Above Photo: Gov. Greg Abbott addresses the Texas House on the opening day of the 88th Legislative Session at the state Capitol in Austin on Jan. 10. Evan L’Roy / The Texas Tribune.
Houston and San Antonio have filed a major lawsuit.
Dozens of local officials have signed onto a scathing amicus brief. Across Texas, cities are scrambling to prepare for the wild west that Gov. Greg Abbott’s preemption law will likely cause.
In 2015, El Paso became the second city in the country to safeguard its workers by passing a historic wage theft ordinance. As a sweeping new state law aimed at handicapping Texas’s more liberal city governments is set to take effect Sept. 1, that protection is now facing an existential threat.
House Bill 2127 — also known as the Super Preemption Bill or, among opponents, the “Death Star” bill — aims to regulate many aspects of commerce and trade in local jurisdictions that differ from state-imposed directives.
Passed in May and signed into law by Texas Gov. Greg Abbott a month later, the legislation could affect local policies dealing with ordinances – including agriculture, insurance, labor, natural resources, and occupation codes — that contradict the state.
“The purpose of this Act is to provide regulatory consistency across this state and return the historic exclusive regulatory powers to the state where those powers belong,” reads the bill, introduced to the state’s Republican-controlled legislature.
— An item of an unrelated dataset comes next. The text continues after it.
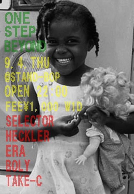 告知失礼いたします。 明日、毎月不定期開催しております 「ONE STEP BEYOND」が開催されます。 毎回、様々なREGGAEシーンからゲストをお呼びして開催致しておりますが、 今回は、様々な想いと共にレギュラー陣で頑張りたいと思っています。 残念ながら、ERA a.k.a.DJ HEATは、参加出来ませんが、 BOLY、TAKE-C、HECKLERの3人で ALL JAMAICAN SOUNDをお届け致します。 なかなか気持ちがDANCEから離れがちになっているとは思いますが、 「ONE STEP BEYOND,ONE STEP FORWARD」の精神で前に進んで行くことも必要だとも思いますので

But opponents believe its aim is to weaken bluer cities and counties’ ability to regulate their industries and enact progressive policies. (Abbott’s office did not respond to Next City’s questions about the need for HB2127 or its benefits.)
“The Death Star law is part of a trend of broad preemption bills we see in Republican-controlled states across the country – in states like Michigan, Florida, and Tennessee – as part of a larger effort to hold power at the state level and punish local governments from passing policy that the state legislature doesn’t support,” said Local Progress Texas, a network of liberal local government officials, in a news release. “The passage of the Death Star Law sets up other states to follow suit.”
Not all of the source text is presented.